Word for word, reproduce all entries below, leaving every picture out.

*** DATA EXTRACTS

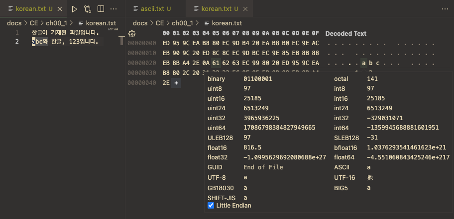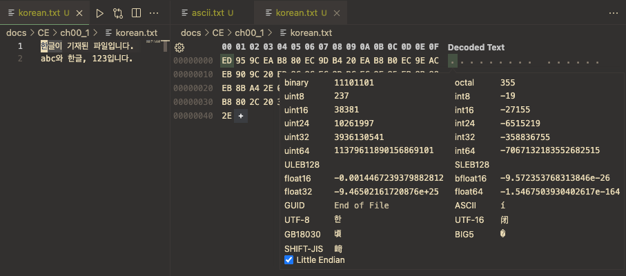 이를 살펴보기 위해 VSCode에 HEX Editor Extension을 설치하여 살펴봄.
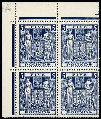 Postal Fiscals. 1940-58 £5 indigo-blue, watermark Multiple Star inverted. Unmounted o.g. corner block of four, the gum unpleasantly two-toned but of fine appearance. SG F211w, £1700
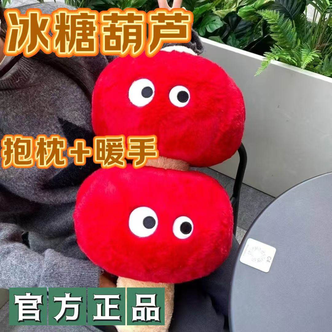 山楂暖手冰糖葫芦抱枕可爱毛绒玩具长条可拆睡觉抱枕女生装饰礼物
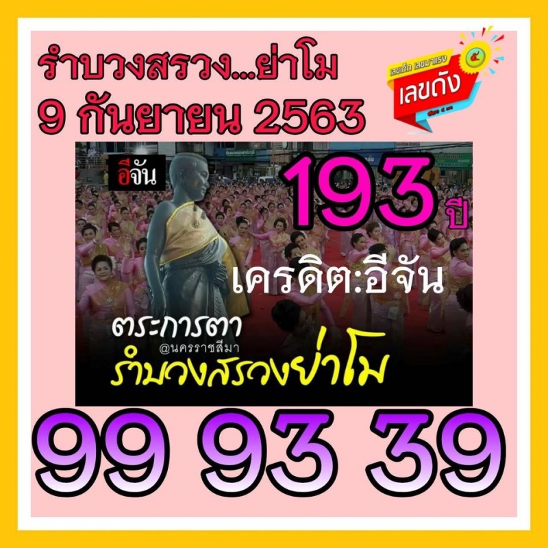 เกลี้ยงแผง เลขทำบุญเมืองโคราช ย่าโม งวด 16 กย 63
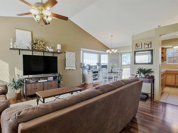 Incredibly cared for home located in a quiet neighborhood in the Valley Center school district with 3 bedrooms, 2 bathrooms, and 2 car garage! The main floor features an open floor plan with vaulted ceilings, beautiful wood laminate floors, an eating bar in the kitchen with all kitchen appliances remaining. The master bedroom features spacious his and her closets. The basement has daylight windows to let in plenty of natural light, a large family room that's perfect for movie nights, and 1 bedroom and bath. The fenced backyard is just the right size and backs up to a tree lined field so there's no need to worry about privacy. The neighborhood has a fishing pond that's stocked with a walking trail nearby. This home is move in ready and won't last long!
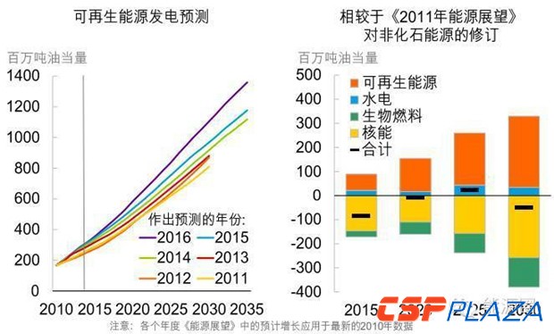 在過去的5年中,可再生能源發電每年都會被上調。與2011年的預期相比,本年度對2030年可再生能源的預計高出大約35%。本年度《能源展望》的上調是有史以來最大幅度的。
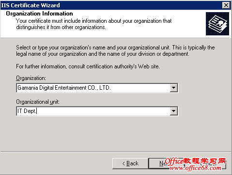 8. 输入单位信息和部门信息:
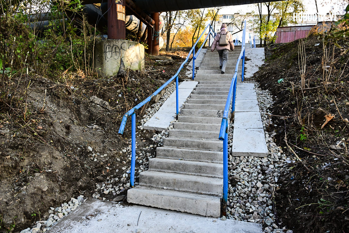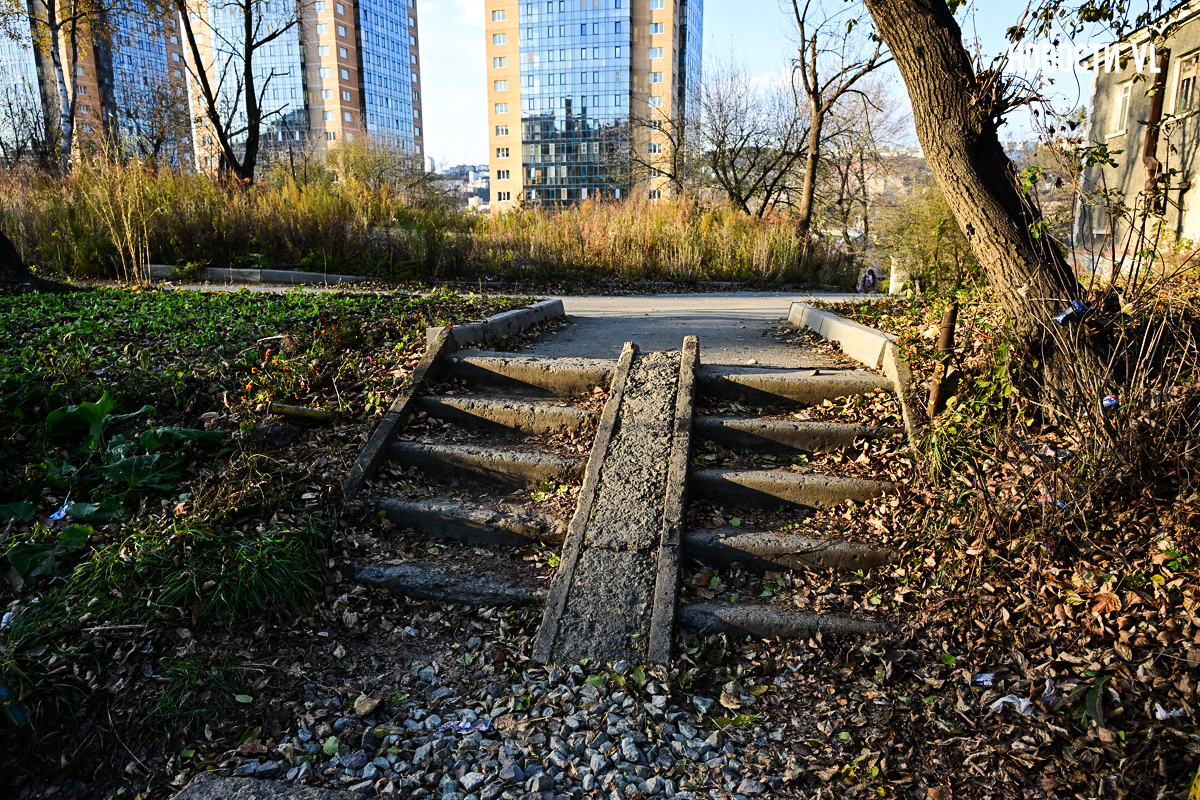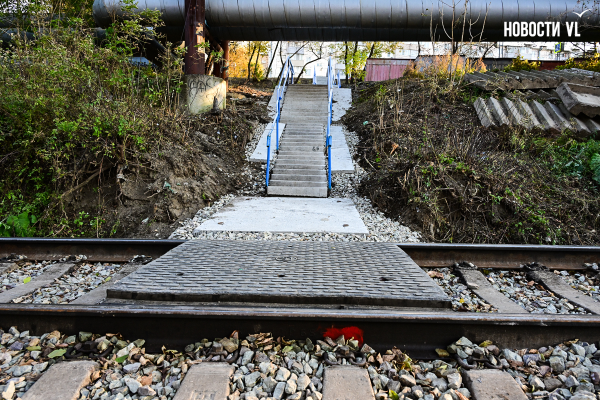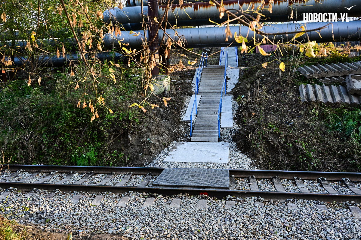 Во Владивостоке отремонтировали половину лестницы, ведущей от улицы Вилкова к Киевской. В середине октября обновили её половину, только до прохода к гаражному кооперативу, а нижняя часть тогда осталась старой и некрасивой. В чьей зоне ответственности находится оставшийся участок и кто должен привести его в порядок, было не понятно, но недавно неизвестный доброжелатель отремонтировал лестницу до конца и организовал переход через пути. Ни РЖД, ни администрация города себе это не приписывают.
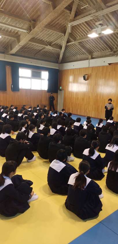 さらに掘り下げて知って欲しいことや考えて欲しいことなど、一歩進んだ「平和学習」として今日の授業に取り組んでうぉしいというお話に、生徒達は真剣に聞き入っていました。
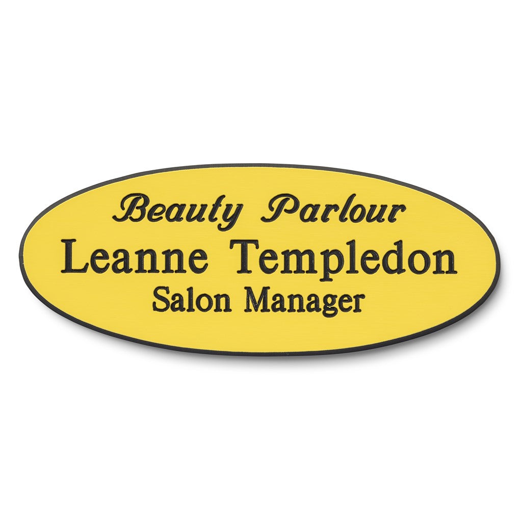 Personalised Engraved School Student Office Name Badge Oval Magnetic Yellow/Black

******

SOLUTION TO THIS PROBLEM
 이를 살펴보기 위해 VSCode에 HEX Editor Extension을 설치하여 살펴봄.
 Postal Fiscals. 1940-58 £5 indigo-blue, watermark Multiple Star inverted. Unmounted o.g. corner block of four, the gum unpleasantly two-toned but of fine appearance. SG F211w, £1700
 山楂暖手冰糖葫芦抱枕可爱毛绒玩具长条可拆睡觉抱枕女生装饰礼物
 เกลี้ยงแผง เลขทำบุญเมืองโคราช ย่าโม งวด 16 กย 63
 Incredibly cared for home located in a quiet neighborhood in the Valley Center school district with 3 bedrooms, 2 bathrooms, and 2 car garage! The main floor features an open floor plan with vaulted ceilings, beautiful wood laminate floors, an eating bar in the kitchen with all kitchen appliances remaining. The master bedroom features spacious his and her closets. The basement has daylight windows to let in plenty of natural light, a large family room that's perfect for movie nights, and 1 bedroom and bath. The fenced backyard is just the right size and backs up to a tree lined field so there's no need to worry about privacy. The neighborhood has a fishing pond that's stocked with a walking trail nearby. This home is move in ready and won't last long!
 在過去的5年中,可再生能源發電每年都會被上調。與2011年的預期相比,本年度對2030年可再生能源的預計高出大約35%。本年度《能源展望》的上調是有史以來最大幅度的。
 8. 输入单位信息和部门信息:
 Во Владивостоке отремонтировали половину лестницы, ведущей от улицы Вилкова к Киевской. В середине октября обновили её половину, только до прохода к гаражному кооперативу, а нижняя часть тогда осталась старой и некрасивой. В чьей зоне ответственности находится оставшийся участок и кто должен привести его в порядок, было не понятно, но недавно неизвестный доброжелатель отремонтировал лестницу до конца и организовал переход через пути. Ни РЖД, ни администрация города себе это не приписывают.
 さらに掘り下げて知って欲しいことや考えて欲しいことなど、一歩進んだ「平和学習」として今日の授業に取り組んでうぉしいというお話に、生徒達は真剣に聞き入っていました。
 Personalised Engraved School Student Office Name Badge Oval Magnetic Yellow/Black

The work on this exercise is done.